From India to Sub Saharan Africa: supporting school leaders in transforming their schools into Extended Professional Learning Community (EPLeC)

 

Michèle Deane, TESSA michele.deane@open.ac.uk
Geneviève Puiségur-Pouchin, 
directrice de la collection Apréli@ pour les chef.fe.s d'établissements :   genevieve.puisegur-pouchin@aprelia.org

 

“The school has an increasing importance as the locus of professional development for teachers. School-based CDP can focus directly on teaching practices and the practicalities of improving the quality of teaching. … However, leadership is critically important for this kind of school-based teacher education.” (Cullen et al, 2012)

 

“The role of school principals is crucial for establishing, shaping and fostering instructional quality.”  (OCDE, 2016)

 

[A school leader:] “Someone who creates the space that fosters teachers’ professional and personal development, and encourages students’ personal growth, creativity, and their own journey of discovery.” (Saavedra, J. 2017)

 

 

The role of schools as communities of professional learning and development (CPLDs) and that of their leaders as enablers of the professional growth of their staff and leaders of these CPLDs are a theme that often appears in the current quest for strategies to meet the 2030 Development Goals. 

 

It is however the case that school leaders have not necessarily been equipped, let alone trained to accomplish this new role and transform their schools into CPLDs.
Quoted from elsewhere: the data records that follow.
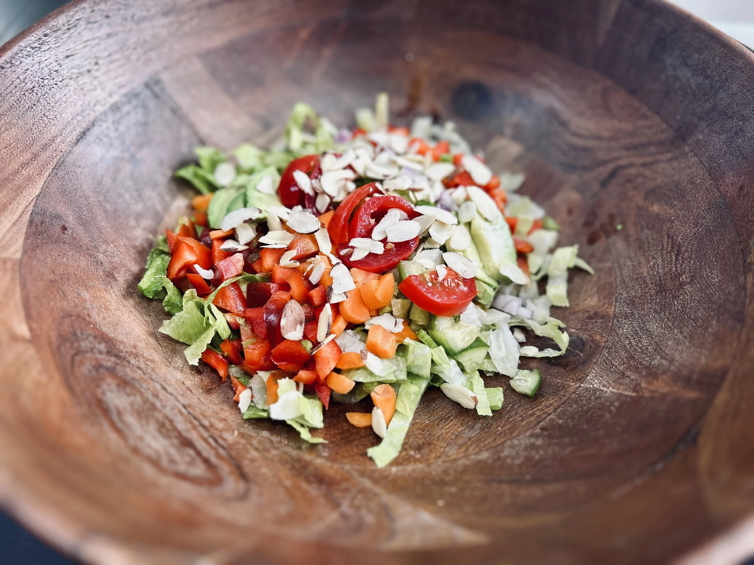 Serve this chopped salad any day of the week! Fresh ingredients, packed with veggies, and topped with a protein of your choice. This is on a regular rotation at our house. Customize for whatever toppings you have on hand. Serve as a side or as a full meal!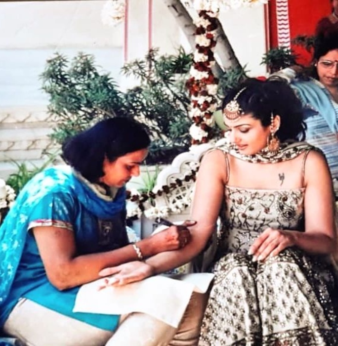 Raveena Tandon has always been a fashionista, even in the 90s. For her mehendi, she was seen decked up in a strappy cream-toned sharara, which featured flared pants, a fitted kurta with strappy sleeves and a dupatta. She looked stunning as she styled her look with earrings and a maang teeka. Subtle makeup with hair tied in a high ponytail completed her look.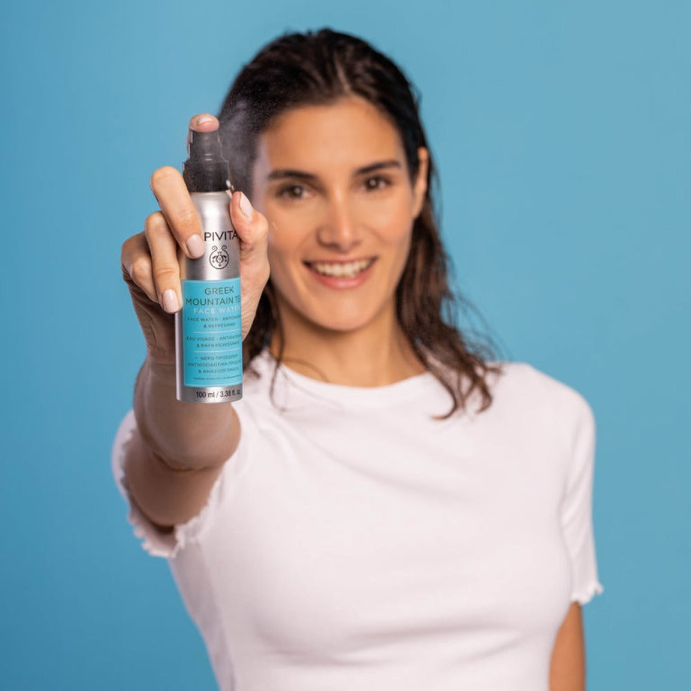 Greek Mountain Tea Infused Face Water from APIVITA organic crops on Mt Olympus, rejuvenates, protects from oxidative stress and keeps skin healthy.
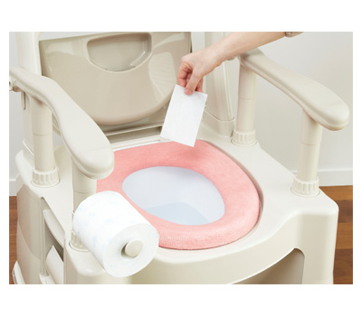 ・クエン酸配合処方により、あらかじめ水を溜めたポータブルトイレのバケツに入れておくだけで、尿の放置が原因で持続的に発生するニオイを消臭する消臭シートです。消臭シートは1枚入れるだけで手軽に使え、水に溶けるタイプなのでトイレにそのまま一緒に流せます。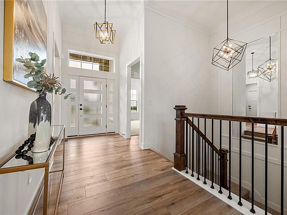 Dreaming of a new home with the ease of main floor living, but don’t want the hassle of going through the new build process? This delightful reverse 1.5 story with walk-out lower level is just 4 years young and loaded with upgrades! You’ll benefit from both the design and functionality details the current owners put into it when building. From the wood trusses and beams on the soaring ceilings to the beautifully durable luxury vinyl plank flooring, no detail was overlooked. The open great room, kitchen and dining layout that steps onto the inviting covered deck create the perfect gathering spaces for friends and family. Gleaming quartz countertops, painted cabinets, 5-burner gas cooktop, upgraded stainless appliances and a huge walk-in pantry are just a few of the things that make the kitchen a chef’s delight. With the primary suite, laundry, and extra bedroom or office on the main level, all of your daily living needs are conveniently located on one floor. Need more space? Head down to the walk-out lower level that features a spacious family room and beautiful wet bar with granite countertops, beverage fridge and microwave. Two additional bedrooms and a full bath round out the finished space. And still plenty of unfinished space for storage. Then mosey outside to an extended patio, fenced backyard with full irrigation system that has been wonderfully landscaped, including some delicious apple and pear trees. This one will capture your heart!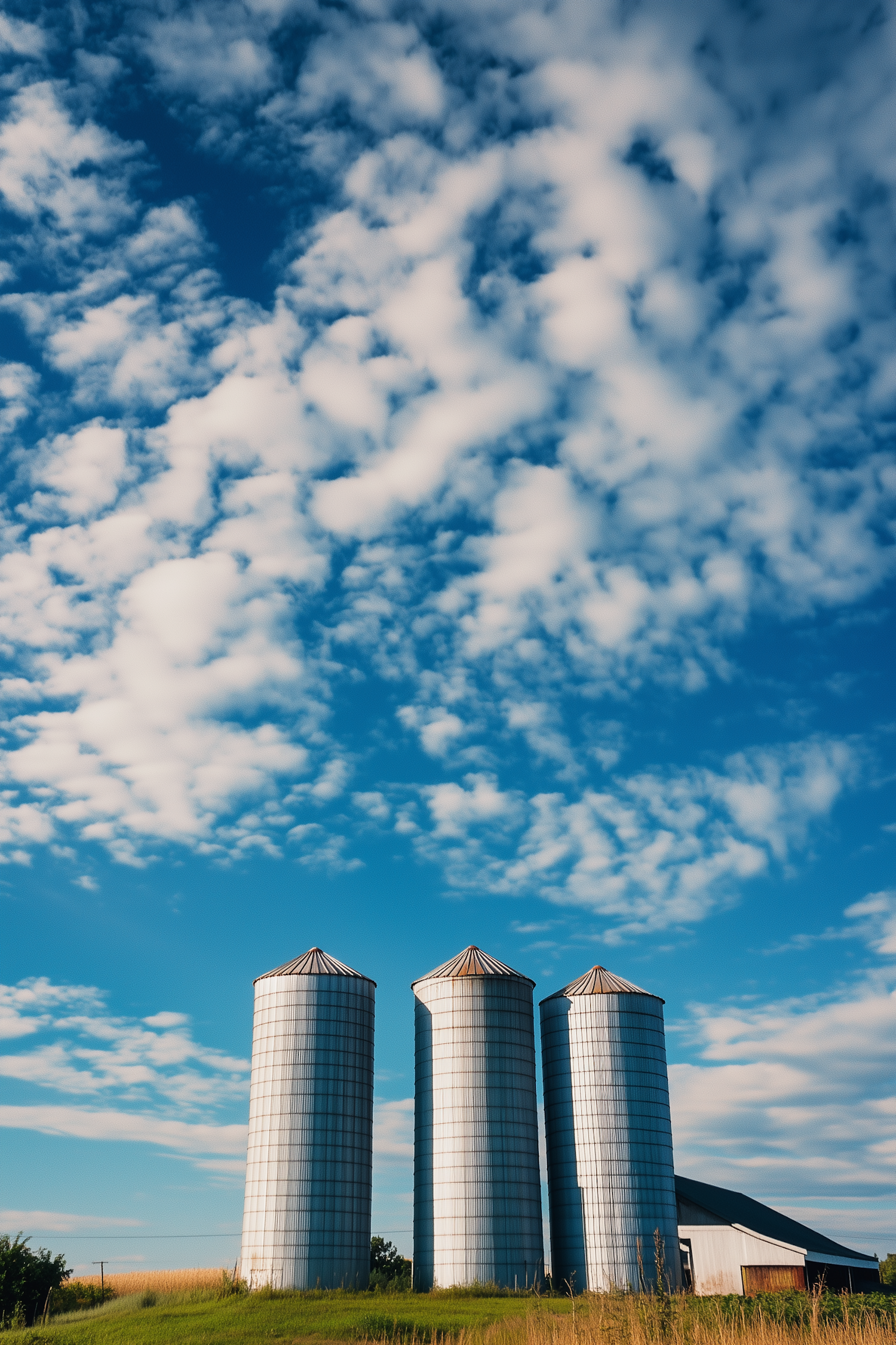 Three metallic silos on a grassy hill under a bright blue sky with scattered clouds, next to a white barn. A serene rural landscape.

TESS-India has been aware of this and produced a most useful collection of key resources, School leadership effective practices that “offer further guidance for school leaders aiming to improve teaching and learning using the TESS-India school leadership OER.” These resources are rightly anchored in the culture and contexts of the Indian states where our TESS-India colleagues worked. 

 

When introduced to these resources, our colleagues from the Apréli@ OER felt that these were extremely useful and needed to be translated and adapted to the context of French speaking African countries.

 

This is how the PartaTESSA-Apréli@ collection of booklets for school leaders was born.

 

In collaboration with members of the TESSA team, the Association for the Promotion of @frican Open Educational Resources (Apréli @) has translated into French and adapted to the contexts of French-speaking sub-Saharan African countries the TESS-India resources for Indian school leaders. Members from the TESSA team adapted the TESS-India and Apréli@-PartaTESSA resources to the contexts of English-speaking sub-Saharan African countries.

 

The first four booklets are aimed at transforming teaching-learning processes to improve student outcomes by building on the continuing professional development of teachers and the fifth one, by carefully planned school development. The five booklets are available here in English and in French and on the Apréli@ website in French and in English:

 

  • Leading teachers’ professional development
  • Supporting teachers to raise performance
  • Developing coaching and mentoring in your school
  • Leading the use of technology in your school
  • Leading the School Development Plan

 

These resources for school leaders complement the ACQA resource collection (ACQA = Continually Improving the Quality of Learning). For an English explanation of what ACQA is, click here. ACQA places the school at the heart of professional development and equips its various actors (teachers, coaches and mentors, school leaders) to enable it to evolve towards an Extended Professional Learning Community (EPLeC) based on the continuous professional development of all staff. The provision of these resources capitalizes on the work carried out by TESSA and Apréli@ in French-speaking sub-Saharan Africa, separately or jointly, as well as the resources resulting from it.

 

Of the wonders of OERs! And of the convergence of initiatives from continents geographically distant but facing similar challenges. A further example of the impressive power of OERs that can be adapted to contexts and needs. It says a lot about their flexibility and vitality!